5

Из черной бешеной ночи, из мокрого ветра, из ревущей воды вытащил Харлаша двух подростков и молодого белокурого парня, оказавшегося младшим братом председателя соседнего (Опасненского) колхоза Игната Разуваева.

— Тебя как звать? — спросил старик, когда продрогших, обессиленных, синих от холода и страха мальчишек подняли в дом.

— Федор, — отжимая рубаху на плечах, ответил молодой Разуваев.

— А-а!

Харлаша о нем слышал. Этот Федор уже плавал на сейнере, но чем-то проштрафился и теперь выгружал рыбу из ставных неводов вдоль берега.

— Какая ж радость тебя нынче в море понесла? — спросил Харлаша, доставая табак.

— Испугался, сеть сорвет. — Сейчас, когда опасность миновала, зеленоватые глаза Федора озорно блестели, и он рассказывал легко и даже весело: — Как пошел на нас девятый, я встал, слышу, будто воздух поплотнел и прет на очи. И ребята встали. Я кричать: «Майнай, ребята!» Поздно. Вмиг приподняло нас и перевернуло. Раз подплыли к лодке — отбило! И так три раза. Тут увидел я огонек в доме, мысль у меня явилась, что спасут. Давай кричать!

Подростки отогревали друг друга на постели, свернувшись под одеялом калачами.

— Ты об них подумал, когда за сетью кинулся? — спросил Харлаша. — Это ж чьи-то сыновья!

За спасение ребят рыбаки Опасного мыса решили подарить Харлаше патефон. Так им Карпов посоветовал.

И вот они привезли новый патефон в малиновой пупырчатой оклейке под кожу и две коробки пластинок.

— Щедро, — заметил Карпов и послал проверить, дома ли Харлаша.

Но Харлаши дома не было. Кто знает, куда его могло унести в солнечный осенний денек, сверкавший на дворе.

— Да вот он ковыляет! — первой увидела его из окна Надя. — Харлаша!

Цыплячий выводок громко зацвенькал под окном в ответ.

— Не слышит старик, — сказал матрос, стоявший возле жены.

Тут, в правлении, много людей собралось сегодня.

Харлаша остановился на обрыве, к которому подбегала сельская улица.
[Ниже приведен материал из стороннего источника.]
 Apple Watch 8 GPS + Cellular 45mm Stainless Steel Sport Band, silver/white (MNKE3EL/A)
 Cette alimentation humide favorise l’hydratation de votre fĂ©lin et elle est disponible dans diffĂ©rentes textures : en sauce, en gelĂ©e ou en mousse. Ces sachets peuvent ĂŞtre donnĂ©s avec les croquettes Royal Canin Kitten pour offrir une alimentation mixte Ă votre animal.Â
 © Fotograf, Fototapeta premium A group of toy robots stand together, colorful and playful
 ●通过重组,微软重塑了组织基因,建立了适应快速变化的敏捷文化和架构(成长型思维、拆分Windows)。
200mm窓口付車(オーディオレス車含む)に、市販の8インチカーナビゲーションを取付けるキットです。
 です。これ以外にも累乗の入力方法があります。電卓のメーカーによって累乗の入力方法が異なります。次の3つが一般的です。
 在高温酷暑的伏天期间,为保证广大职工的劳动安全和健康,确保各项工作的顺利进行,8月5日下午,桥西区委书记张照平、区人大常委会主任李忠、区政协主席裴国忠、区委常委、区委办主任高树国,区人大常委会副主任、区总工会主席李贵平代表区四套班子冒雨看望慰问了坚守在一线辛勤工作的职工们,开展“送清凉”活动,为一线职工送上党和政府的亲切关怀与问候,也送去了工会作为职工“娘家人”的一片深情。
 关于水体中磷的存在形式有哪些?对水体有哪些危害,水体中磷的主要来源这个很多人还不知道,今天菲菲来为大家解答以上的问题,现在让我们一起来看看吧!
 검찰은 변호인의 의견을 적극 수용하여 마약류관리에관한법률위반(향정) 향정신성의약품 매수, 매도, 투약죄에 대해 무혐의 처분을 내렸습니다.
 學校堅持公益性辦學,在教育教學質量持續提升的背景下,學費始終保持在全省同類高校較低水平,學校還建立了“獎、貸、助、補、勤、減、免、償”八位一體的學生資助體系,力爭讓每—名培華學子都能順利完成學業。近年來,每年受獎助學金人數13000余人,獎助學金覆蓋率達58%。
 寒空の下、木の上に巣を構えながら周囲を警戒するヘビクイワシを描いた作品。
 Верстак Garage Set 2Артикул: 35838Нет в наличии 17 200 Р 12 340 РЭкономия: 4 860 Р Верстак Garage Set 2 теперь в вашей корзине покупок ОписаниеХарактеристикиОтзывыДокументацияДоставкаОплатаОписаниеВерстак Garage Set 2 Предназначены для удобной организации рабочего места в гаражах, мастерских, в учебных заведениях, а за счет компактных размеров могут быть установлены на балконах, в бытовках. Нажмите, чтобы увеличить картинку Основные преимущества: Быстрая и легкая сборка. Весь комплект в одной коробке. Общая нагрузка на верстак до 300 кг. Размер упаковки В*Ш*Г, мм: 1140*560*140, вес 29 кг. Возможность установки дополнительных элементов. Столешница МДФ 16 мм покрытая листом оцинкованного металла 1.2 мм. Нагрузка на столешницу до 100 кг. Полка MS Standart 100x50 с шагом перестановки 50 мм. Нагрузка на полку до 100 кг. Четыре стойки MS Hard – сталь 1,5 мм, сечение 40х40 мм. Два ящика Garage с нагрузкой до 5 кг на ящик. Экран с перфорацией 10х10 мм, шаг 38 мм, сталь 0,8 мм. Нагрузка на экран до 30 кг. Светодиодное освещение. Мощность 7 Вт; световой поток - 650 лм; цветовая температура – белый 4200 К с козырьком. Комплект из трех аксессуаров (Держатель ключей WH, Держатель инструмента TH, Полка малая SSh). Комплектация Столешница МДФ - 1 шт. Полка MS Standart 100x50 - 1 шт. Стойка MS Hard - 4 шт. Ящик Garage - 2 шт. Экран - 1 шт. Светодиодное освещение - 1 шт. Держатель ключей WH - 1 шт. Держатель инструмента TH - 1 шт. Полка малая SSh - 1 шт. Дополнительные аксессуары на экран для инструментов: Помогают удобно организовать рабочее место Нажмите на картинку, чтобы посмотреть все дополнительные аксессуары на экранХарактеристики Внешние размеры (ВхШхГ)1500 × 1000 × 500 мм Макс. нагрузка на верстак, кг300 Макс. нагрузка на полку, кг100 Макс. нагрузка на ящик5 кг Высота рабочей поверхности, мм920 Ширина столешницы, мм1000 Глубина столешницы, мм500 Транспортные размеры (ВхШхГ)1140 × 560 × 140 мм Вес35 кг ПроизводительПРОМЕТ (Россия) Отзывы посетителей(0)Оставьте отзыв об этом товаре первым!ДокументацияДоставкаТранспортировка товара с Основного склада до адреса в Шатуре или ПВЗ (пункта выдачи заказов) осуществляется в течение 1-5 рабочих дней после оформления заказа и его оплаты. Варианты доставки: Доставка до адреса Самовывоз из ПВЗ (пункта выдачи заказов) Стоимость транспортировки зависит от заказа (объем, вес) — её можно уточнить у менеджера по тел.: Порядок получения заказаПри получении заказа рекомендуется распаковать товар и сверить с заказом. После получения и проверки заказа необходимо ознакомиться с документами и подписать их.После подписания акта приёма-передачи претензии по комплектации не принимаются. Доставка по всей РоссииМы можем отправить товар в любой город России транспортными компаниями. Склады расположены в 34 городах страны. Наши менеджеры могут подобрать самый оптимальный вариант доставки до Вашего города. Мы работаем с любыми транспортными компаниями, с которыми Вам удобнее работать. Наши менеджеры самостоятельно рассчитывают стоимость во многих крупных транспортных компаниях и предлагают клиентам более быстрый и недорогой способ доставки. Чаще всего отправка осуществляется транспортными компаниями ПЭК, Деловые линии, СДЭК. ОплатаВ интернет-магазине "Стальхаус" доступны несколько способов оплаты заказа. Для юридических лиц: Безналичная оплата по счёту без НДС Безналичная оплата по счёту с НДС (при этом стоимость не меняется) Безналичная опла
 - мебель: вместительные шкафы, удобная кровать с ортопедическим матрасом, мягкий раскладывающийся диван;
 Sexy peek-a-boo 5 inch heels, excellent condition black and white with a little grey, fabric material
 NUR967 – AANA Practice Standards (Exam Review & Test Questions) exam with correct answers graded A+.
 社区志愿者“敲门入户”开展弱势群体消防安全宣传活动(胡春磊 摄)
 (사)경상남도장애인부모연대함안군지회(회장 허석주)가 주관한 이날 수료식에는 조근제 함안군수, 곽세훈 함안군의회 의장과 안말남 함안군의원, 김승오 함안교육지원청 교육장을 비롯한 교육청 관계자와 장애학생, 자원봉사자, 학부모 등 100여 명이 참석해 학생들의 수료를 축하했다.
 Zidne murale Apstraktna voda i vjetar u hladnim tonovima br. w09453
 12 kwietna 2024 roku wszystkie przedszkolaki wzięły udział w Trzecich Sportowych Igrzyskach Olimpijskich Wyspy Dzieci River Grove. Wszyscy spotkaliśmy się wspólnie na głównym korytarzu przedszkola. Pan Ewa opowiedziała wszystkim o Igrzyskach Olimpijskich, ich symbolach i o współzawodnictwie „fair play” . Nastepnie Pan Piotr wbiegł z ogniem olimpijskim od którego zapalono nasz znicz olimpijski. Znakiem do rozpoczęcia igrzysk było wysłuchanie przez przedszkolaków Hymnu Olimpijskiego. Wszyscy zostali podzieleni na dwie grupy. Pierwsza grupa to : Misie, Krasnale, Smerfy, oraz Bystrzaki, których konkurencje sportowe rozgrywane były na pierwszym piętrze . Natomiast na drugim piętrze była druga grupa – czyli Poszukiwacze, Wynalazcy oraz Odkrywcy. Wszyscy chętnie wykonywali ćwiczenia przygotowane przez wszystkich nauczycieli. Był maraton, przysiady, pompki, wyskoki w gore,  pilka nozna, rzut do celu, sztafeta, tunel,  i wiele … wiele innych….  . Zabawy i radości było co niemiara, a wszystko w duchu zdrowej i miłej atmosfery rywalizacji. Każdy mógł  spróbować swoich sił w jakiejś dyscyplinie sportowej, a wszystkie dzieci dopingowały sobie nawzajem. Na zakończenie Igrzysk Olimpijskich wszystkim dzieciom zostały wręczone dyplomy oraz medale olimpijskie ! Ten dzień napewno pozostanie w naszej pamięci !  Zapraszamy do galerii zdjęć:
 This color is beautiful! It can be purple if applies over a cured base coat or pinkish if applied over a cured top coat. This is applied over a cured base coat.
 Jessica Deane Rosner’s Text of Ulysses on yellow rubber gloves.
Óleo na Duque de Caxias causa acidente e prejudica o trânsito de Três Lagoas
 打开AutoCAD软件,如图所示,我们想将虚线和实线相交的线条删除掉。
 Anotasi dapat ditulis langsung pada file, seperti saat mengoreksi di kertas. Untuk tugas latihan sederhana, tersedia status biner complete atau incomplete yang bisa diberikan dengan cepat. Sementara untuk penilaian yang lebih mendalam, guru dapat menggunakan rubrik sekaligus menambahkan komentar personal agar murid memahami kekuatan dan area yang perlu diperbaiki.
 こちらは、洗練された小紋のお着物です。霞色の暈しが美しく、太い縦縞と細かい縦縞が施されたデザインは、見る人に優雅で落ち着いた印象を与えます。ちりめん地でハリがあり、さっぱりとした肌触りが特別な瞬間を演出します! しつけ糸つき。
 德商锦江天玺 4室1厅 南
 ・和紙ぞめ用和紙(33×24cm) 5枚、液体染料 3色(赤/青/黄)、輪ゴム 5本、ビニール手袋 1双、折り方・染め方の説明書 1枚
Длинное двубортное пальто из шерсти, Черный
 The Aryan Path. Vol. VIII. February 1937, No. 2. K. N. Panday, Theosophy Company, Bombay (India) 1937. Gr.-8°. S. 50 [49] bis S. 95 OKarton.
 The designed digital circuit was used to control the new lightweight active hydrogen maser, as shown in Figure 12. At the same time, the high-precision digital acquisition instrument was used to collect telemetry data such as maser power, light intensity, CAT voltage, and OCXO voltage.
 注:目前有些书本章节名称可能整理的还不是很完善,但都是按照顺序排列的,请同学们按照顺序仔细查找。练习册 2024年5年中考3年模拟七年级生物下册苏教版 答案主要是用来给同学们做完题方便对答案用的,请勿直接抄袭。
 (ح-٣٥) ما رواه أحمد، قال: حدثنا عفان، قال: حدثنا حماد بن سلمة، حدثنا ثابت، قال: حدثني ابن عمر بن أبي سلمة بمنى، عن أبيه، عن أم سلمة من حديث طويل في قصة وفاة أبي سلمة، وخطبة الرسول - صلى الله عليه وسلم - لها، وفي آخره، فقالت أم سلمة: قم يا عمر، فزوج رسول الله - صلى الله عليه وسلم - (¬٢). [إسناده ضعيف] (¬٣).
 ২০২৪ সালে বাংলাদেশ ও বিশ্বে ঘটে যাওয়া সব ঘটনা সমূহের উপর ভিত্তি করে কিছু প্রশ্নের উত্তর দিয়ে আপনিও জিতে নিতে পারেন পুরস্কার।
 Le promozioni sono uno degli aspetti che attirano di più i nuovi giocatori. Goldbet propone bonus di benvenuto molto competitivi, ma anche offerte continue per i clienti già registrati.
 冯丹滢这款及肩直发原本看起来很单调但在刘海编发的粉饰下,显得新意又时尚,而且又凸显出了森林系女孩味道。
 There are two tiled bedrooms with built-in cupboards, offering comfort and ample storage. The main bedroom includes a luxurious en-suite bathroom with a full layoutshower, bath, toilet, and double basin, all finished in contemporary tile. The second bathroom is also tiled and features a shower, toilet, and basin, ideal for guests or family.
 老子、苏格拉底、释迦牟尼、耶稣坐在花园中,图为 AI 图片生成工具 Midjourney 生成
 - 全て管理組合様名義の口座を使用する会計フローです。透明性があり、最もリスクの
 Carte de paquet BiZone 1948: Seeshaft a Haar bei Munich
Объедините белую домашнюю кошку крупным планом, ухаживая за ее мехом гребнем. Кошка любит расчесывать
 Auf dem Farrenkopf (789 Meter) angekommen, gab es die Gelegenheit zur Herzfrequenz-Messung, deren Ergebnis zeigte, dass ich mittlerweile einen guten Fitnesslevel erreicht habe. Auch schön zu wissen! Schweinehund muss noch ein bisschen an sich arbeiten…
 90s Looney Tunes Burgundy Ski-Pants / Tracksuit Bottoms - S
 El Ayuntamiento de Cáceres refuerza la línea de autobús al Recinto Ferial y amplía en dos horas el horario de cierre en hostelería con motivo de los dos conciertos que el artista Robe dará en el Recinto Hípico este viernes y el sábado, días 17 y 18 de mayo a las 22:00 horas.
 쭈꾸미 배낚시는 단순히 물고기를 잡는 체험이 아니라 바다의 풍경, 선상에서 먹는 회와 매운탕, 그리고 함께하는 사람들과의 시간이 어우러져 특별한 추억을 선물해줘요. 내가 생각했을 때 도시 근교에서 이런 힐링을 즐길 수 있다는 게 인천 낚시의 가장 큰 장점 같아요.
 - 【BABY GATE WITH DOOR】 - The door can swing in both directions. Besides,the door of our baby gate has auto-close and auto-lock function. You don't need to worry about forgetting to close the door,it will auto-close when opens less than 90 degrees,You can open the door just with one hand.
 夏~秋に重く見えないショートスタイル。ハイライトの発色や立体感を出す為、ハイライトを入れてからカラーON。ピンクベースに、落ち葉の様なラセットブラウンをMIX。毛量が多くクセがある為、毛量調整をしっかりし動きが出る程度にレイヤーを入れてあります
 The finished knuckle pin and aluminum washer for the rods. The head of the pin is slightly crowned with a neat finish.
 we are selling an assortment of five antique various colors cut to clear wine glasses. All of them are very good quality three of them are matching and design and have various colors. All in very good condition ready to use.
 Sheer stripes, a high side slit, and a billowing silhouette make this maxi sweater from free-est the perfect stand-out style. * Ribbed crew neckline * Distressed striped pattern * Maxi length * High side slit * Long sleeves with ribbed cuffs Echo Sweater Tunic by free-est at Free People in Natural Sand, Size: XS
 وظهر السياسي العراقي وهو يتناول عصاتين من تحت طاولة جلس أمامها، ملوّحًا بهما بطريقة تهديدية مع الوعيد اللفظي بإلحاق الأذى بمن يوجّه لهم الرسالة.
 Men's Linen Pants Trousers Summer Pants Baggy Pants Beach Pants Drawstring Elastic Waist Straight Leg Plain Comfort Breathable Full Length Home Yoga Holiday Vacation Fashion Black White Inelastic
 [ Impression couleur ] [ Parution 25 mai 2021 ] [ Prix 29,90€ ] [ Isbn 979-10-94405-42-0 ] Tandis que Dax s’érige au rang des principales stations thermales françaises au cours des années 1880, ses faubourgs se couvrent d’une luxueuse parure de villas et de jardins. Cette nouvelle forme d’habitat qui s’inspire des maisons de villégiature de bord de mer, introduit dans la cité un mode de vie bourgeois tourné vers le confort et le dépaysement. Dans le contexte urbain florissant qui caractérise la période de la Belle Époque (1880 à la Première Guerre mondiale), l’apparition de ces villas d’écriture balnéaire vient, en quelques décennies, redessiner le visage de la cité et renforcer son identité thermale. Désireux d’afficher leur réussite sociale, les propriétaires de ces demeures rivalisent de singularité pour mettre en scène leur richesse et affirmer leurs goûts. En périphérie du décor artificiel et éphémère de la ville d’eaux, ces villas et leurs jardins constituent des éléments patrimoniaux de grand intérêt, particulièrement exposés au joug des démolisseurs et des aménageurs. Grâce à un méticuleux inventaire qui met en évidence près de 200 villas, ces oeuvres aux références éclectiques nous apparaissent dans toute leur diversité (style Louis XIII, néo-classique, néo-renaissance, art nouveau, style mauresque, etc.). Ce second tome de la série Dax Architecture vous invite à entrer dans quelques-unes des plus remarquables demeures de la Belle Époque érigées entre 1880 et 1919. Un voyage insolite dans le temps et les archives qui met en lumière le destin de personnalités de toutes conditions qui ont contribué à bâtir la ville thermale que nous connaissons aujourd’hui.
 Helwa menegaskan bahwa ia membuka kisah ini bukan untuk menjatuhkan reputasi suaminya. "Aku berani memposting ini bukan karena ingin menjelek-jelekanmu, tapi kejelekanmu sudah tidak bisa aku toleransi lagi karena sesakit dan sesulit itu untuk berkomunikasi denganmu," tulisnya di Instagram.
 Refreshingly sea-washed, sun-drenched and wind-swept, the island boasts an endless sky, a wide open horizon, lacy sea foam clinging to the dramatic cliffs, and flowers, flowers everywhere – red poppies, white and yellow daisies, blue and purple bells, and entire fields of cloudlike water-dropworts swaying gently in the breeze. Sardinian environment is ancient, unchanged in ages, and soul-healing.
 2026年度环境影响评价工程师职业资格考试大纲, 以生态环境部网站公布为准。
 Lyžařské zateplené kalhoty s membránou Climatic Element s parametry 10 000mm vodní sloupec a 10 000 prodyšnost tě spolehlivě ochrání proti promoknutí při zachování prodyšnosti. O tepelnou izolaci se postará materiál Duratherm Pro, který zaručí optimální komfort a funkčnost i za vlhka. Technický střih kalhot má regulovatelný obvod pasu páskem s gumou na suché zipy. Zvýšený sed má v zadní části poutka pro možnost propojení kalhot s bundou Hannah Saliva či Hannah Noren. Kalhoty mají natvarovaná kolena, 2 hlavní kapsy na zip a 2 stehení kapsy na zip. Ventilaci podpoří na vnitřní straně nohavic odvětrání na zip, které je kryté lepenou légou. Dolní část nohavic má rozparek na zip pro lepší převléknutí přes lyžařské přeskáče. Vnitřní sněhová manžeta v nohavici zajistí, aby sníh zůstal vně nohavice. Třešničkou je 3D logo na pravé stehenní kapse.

Он стоял лицом к морю... Смотрел на волны или просто грел в лучах солнца старые глаза, прикрыв их веками.

Море сверкало, как жестяное; пробеги — загремит. Чайки мерцали над ним.

— Совсем он съежился, — сказала про Харлашу Надя.

Он носил теперь вытертую кожаную ушанку, овчинную тужурку с коричневыми клочьями точно бы прокуренного меха, тяжелые, в непоправимых морщинах сапоги.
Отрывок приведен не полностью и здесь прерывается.